Peran Pasar Eropa dalam Pertumbuhan Transsion
Eropa selama ini dianggap sebagai batu loncatan penting bagi Transsion. Dengan basis pasar kuat di Asia dan Afrika, kehadiran di Eropa memungkinkan perusahaan naik kelas dan bersaing langsung dengan merek-merek global seperti Samsung, Apple, dan Xiaomi.
Jika akses ke pasar Eropa dibatasi, maka strategi global Transsion akan terganggu. Hal ini bisa berdampak pada valuasi perusahaan, kepercayaan investor, hingga kemampuan mereka berinovasi lebih jauh.
Reaksi Industri dan Komunitas Teknologi
Kasus ini menimbulkan diskusi luas di kalangan komunitas teknologi. Sebagian pengamat menilai Huawei berusaha mengukuhkan posisinya kembali setelah beberapa tahun terakhir tertekan oleh sanksi Amerika Serikat. Dengan melindungi hak paten, Huawei bisa memperoleh pemasukan tambahan sekaligus menjaga reputasi inovator.
Di sisi lain, ada pula pihak yang menilai gugatan ini bisa memperlambat inovasi industri. Sebab, semakin ketat aturan paten, semakin sulit bagi vendor baru untuk mengembangkan produk tanpa terbentur hak cipta.
Transsion di Mata Konsumen
Bagi konsumen, terutama pengguna Infinix dan Tecno, kabar ini bisa menimbulkan kebingungan. Jika penjualan produk dibatasi, bagaimana dengan layanan purna jual atau garansi perangkat yang sudah dibeli?
Pertanyaan-pertanyaan seperti itu menambah ketidakpastian di pasar. Oleh karena itu, langkah komunikasi publik Transsion akan sangat menentukan apakah konsumen tetap percaya pada merek mereka.
Prospek Kasus di Pengadilan Eropa
Pengadilan Paten Terpadu (UPC) adalah lembaga baru yang mulai beroperasi penuh pada 2023. Lembaga ini bertujuan menyelesaikan sengketa paten di seluruh Uni Eropa dengan lebih efisien. Kasus Huawei vs Transsion akan menjadi salah satu ujian penting bagi UPC dalam membuktikan kredibilitasnya.
Putusan pengadilan diperkirakan akan memakan waktu berbulan-bulan. Selama itu, Transsion tetap bisa berjualan. Namun, ancaman pembatasan tetap membayangi hingga vonis final diumumkan.
Huawei dan Strategi Bisnis Global
Huawei dalam beberapa tahun terakhir memang lebih agresif dalam melindungi aset intelektualnya.

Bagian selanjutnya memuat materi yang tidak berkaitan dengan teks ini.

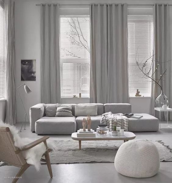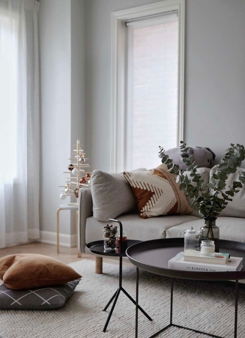 茶几的高度是根据沙发的高度来确定的,茶几以桌面略高于沙发的座垫高度为宜,最高不要超过沙发扶手的高度。下图中的高度就很合适啦~~
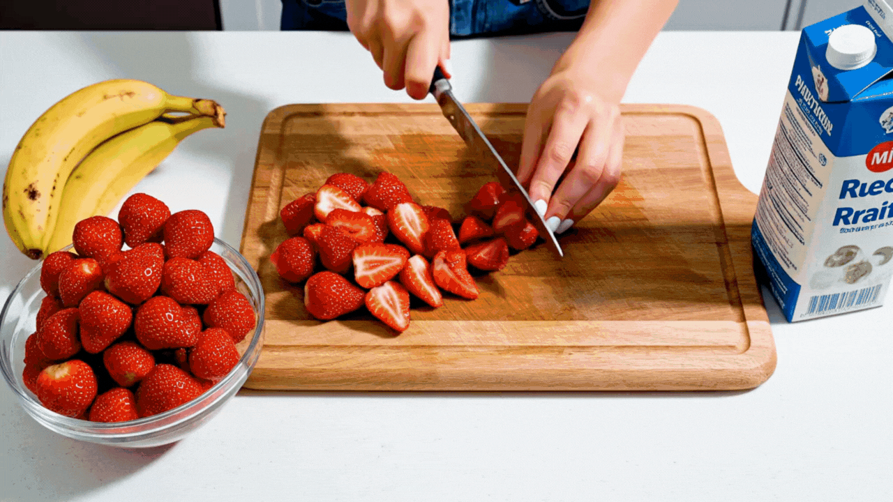 “Produce a 10-second overhead cooking video of someone making a strawberry–banana smoothie on a white kitchen counter.

Setelah menghadapi tekanan dari sanksi Amerika, Huawei berusaha memaksimalkan kekuatan di sektor paten untuk mengamankan pendapatan.

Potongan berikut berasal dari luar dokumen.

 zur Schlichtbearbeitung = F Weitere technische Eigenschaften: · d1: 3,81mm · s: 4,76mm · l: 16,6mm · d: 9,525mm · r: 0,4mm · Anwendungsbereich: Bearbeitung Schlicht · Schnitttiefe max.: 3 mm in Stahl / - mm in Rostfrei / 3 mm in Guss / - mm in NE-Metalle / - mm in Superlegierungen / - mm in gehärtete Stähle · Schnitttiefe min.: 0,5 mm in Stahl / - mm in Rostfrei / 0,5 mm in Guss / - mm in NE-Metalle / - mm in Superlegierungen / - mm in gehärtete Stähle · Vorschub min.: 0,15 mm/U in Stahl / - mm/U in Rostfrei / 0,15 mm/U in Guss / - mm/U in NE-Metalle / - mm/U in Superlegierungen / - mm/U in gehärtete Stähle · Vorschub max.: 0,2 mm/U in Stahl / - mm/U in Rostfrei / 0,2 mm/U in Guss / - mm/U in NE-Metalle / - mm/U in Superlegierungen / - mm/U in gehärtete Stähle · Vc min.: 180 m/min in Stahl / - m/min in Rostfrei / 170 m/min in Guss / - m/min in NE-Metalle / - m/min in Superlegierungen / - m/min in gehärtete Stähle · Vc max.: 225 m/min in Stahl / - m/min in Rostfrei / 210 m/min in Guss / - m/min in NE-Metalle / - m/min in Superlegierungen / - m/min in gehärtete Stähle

Dengan mengajukan gugatan seperti ini, Huawei tidak hanya melindungi inovasi, tetapi juga menciptakan peluang pendapatan melalui lisensi. Langkah tersebut sekaligus memperlihatkan kepada kompetitor bahwa mereka tidak bisa sembarangan memakai teknologi Huawei.
Penutup
Kasus gugatan Huawei terhadap Transsion menjadi salah satu drama hukum paling menarik di industri teknologi tahun ini. Taruhannya besar, mulai dari keberlangsungan penjualan Infinix dan Tecno di Eropa, reputasi global Transsion, hingga kredibilitas Huawei sebagai pemilik paten.
Apapun hasilnya, kasus ini akan menjadi preseden penting dalam industri smartphone global. Ia memperlihatkan bahwa di tengah persaingan pasar, perlindungan hak paten tetap menjadi senjata utama untuk bertahan sekaligus menekan lawan.